The Spin of a Star Reveals Its Age 67
eldavojohn writes "Some soon-to-be-published research on gyrochronology has yielded a possible method for more accurately determining a star's age. While determining the age of stars in clusters has been done using the patterns of its color and brightness, singular stars are much more difficult. By comparing established age information from clusters and analyzing the spin of stars, the researchers have established a defined relationship between color (mass), spin and age giving them the beginning of a guide of 'stellar clocks.' This was accomplished after four painstaking years of collecting data from 71 single dwarf members of the open cluster NGC6811 and establishing a model using data from Kepler."
How do they know this is remotely valid? (Score:1, Insightful)
Given that astronomy, in its modern form, only goes back a few hundred years at most (and even then, most of the knowledge was obtained within the past century), how can these scientists feel secure measuring events that span billions of years?
Re:Observation, not math, is what's important. (Score:4, Insightful)
Age can be measured as a consequence of physical behaviour of stars. The difficulty is only knowing exactly which quantities to combine to get the best estimate.
I won't comment on your other ignorant claim that we can't witness the birth of stars today.
Re:Calculations are not direct observations. (Score:5, Insightful)
Here's how science works (as it applies to astronomy):
- You form a hypothesis.
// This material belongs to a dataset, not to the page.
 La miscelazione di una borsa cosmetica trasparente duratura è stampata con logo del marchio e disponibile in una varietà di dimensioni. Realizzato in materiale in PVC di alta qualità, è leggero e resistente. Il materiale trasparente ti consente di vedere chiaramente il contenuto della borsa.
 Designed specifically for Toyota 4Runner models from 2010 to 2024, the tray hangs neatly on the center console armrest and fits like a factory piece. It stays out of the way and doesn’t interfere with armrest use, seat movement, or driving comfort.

In the case of astronomy this would most likely be a concrete mathematical model.
- Your model has predictions which you test.
- If the predictions are valid you look for more ways of testing the model. If not, you scratch it.
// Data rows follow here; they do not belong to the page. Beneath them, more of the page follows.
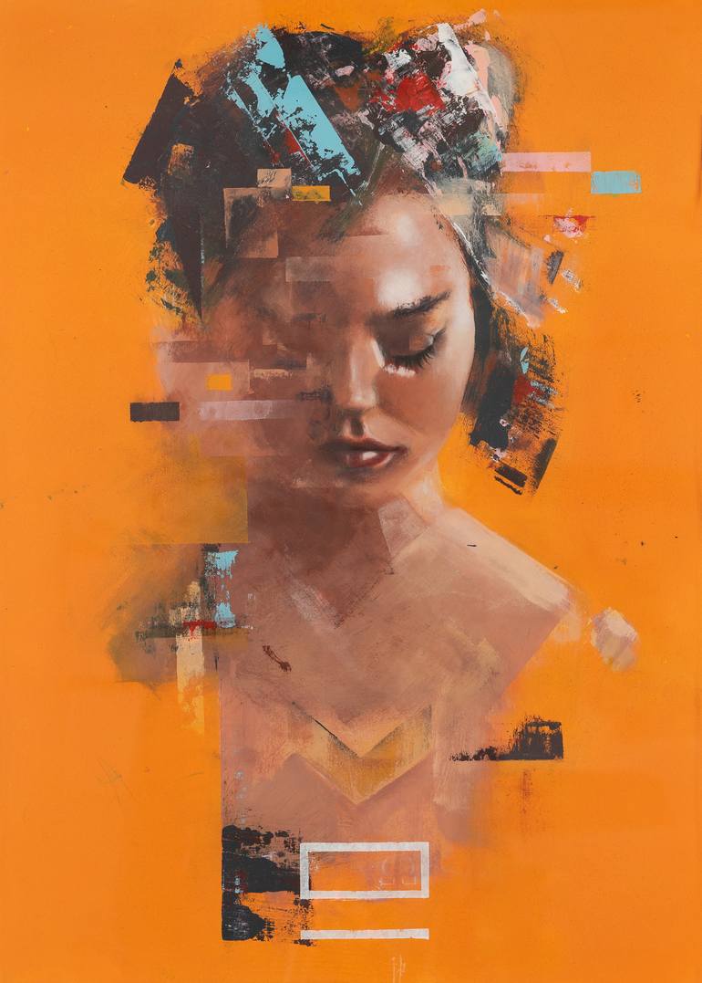 No surrender - orange Taken from my new exclusive portrait cycle NO SURRENDER. Acrylic, painted on paper, framed.
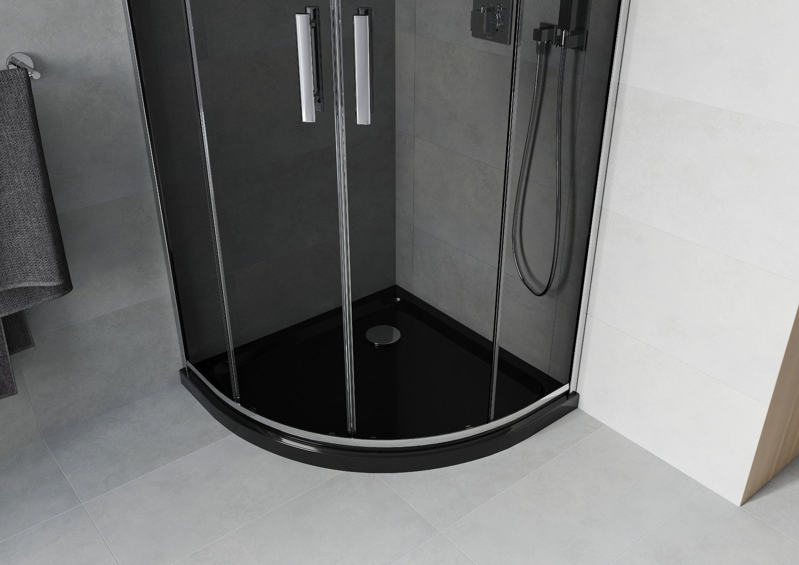 Mexen Rio íves zuhanykabin 90 x 90 cm, grafit, króm + Flat zuhanytálca, fekete - 863-090-090-01-40-4170
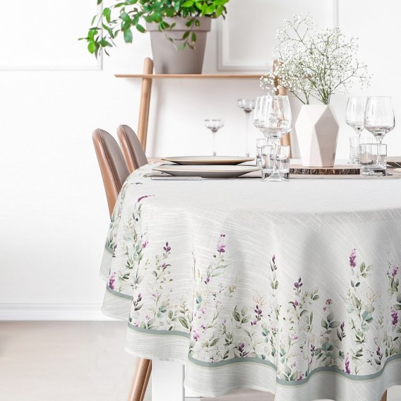Obrus z drukowanym wzorem w kwiaty kolor: naturalny. Gramatura: 275 GSM. Skład: 100% poliester
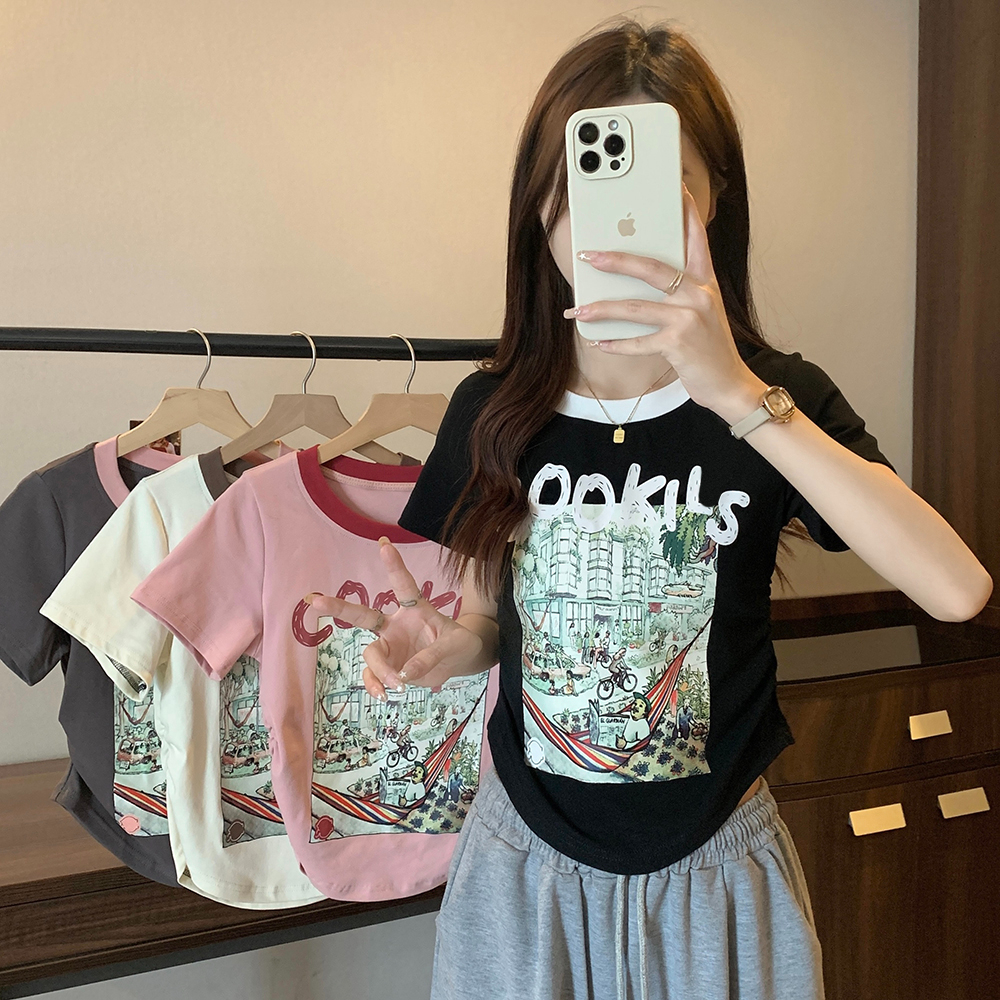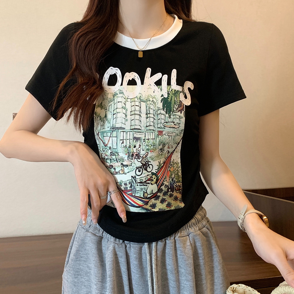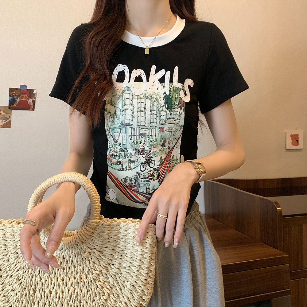 RM18068#大码胖mm夏女新款短袖印花艺术绘画圆领t恤正肩遮肉百搭显瘦上衣

Observing the creation and death of one star is *not* necessary to test these models. There are an astronomical(!) number of stars to observe. You have plenty of stars in different stages of development to test the model with.
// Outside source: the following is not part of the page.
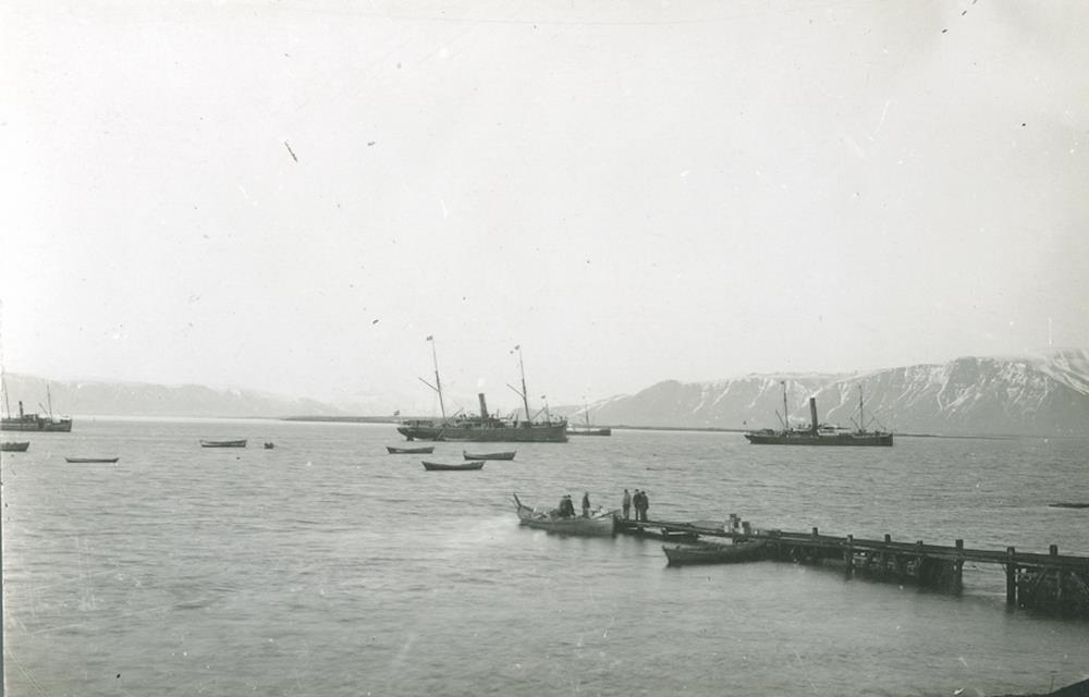 „1901-1906 líklega. Ekki öruggt, en lengst til vinstri virðist vera Faxaflóabáturinn REYKJAVÍK. Fyrir miðju LAURA frá DFDS og til hægri CERES, einnig frá DFDS.“ (BÞ 2018)
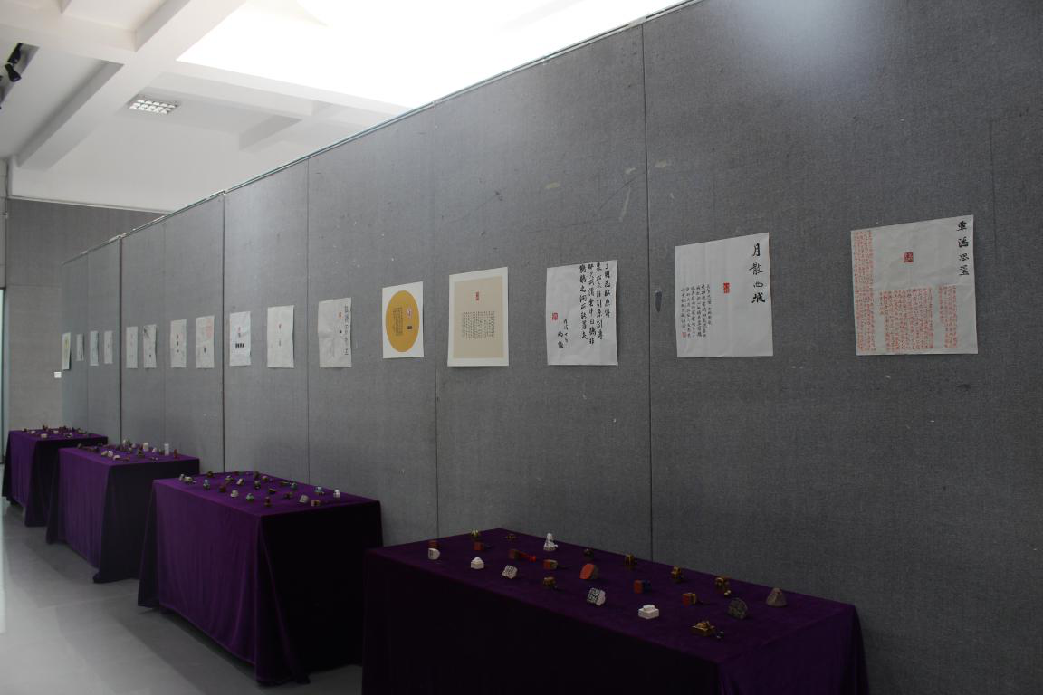 书法学专业本年度校企合作实践教学主要从四个方面开展教学,15级分为两个方面:碑拓制作和陶瓷篆刻艺术创作,16级为文田镇尺雕刻,17级为实地考察美术馆和博物馆。本次展览全面立体的展示了书法学专业校企合作实践教学的成果。本次展览时间将持续至7月4日。

Certainly the model could be wrong, even if the data are consistent with it, but that does not make it unscientific.
Re:How do they know this is remotely valid? (Score:5, Insightful)
If you took photos of billions of people - but only one per person - could you get a decent idea of how humans age? Same with stars there's roughly 10,000,000,000,000,000,000,000 of them and there's many in every phase of life even though we pretty much only see a snapshot of each one. Take supernovas for example, a very short and rare event we haven't seen since 1604 in the Milky Way even though it has 200-400 billion stars. And yet we find 2-500 of them each year because there's so insanely many galaxies to look at. We won't have observed one star birth to death, but we will have observed everything from baby stars to stars in death throes many, many times.
Re:Observation, not math, is what's important. (Score:5, Insightful)
You are still missing the point. Much of what we consider to be "modern" science is still a house of cards which is not built on a known quantity.
Such as? I can think of string theory (a large unknown with no testable predictions and thus not used for any real science as of yet), dark matter (though we can observe the effects so we know it to be there, they just don't know what it is yet. Lots of very bad theories coming out of this one. I can say that because all but one of them is wrong, and we might not even have the one yet!), and dark energy (which recently got a big boost in observational evidence!)
In the classical scientific method, you have to have a known value that has been verified to be true.
No. Not always. The periodic table of elements was envisioned before there was enough evidence to prove that model correct. Ditto for gravity, "germs", electricity, relativity (general and special), and quantum physics. Those models predicted things that had yet to be observed based on mathematics and known quantities. Their predictions have been tested and proven right. Theories that were wrong are less remembered because they were wrong and abandoned. Steady state, for example.
Mathematical models are not an adequate replacement for known values derived from direct observation.
No, they compliment them. Models predict, observations confirm or contradict. Some models work well only sometimes, like gravity, but within their realm of usefulness they advance science to the point that they break down and science happens all over again. Constant testing and verification. This, just like every other useful model, will be tested mercilessly.
If you think that math and science are strange bedfellows then I encourage you to attempt science without mathematical models. I just don't see how a lack of modeling is an advantage. Clarify if you are willing, but I'm just not seeing it. Mathematics have become more important and much more the focus but it works and it has worked well. Saying that the models don't yield observable quantities nor come from observable quantities is just wrong. Some models take decades. DECADES (I can't stress this enough. Some of Einsteins predictions are still being tested today that have never been tested before such as frame dragging) before their predictions are testable let alone proven.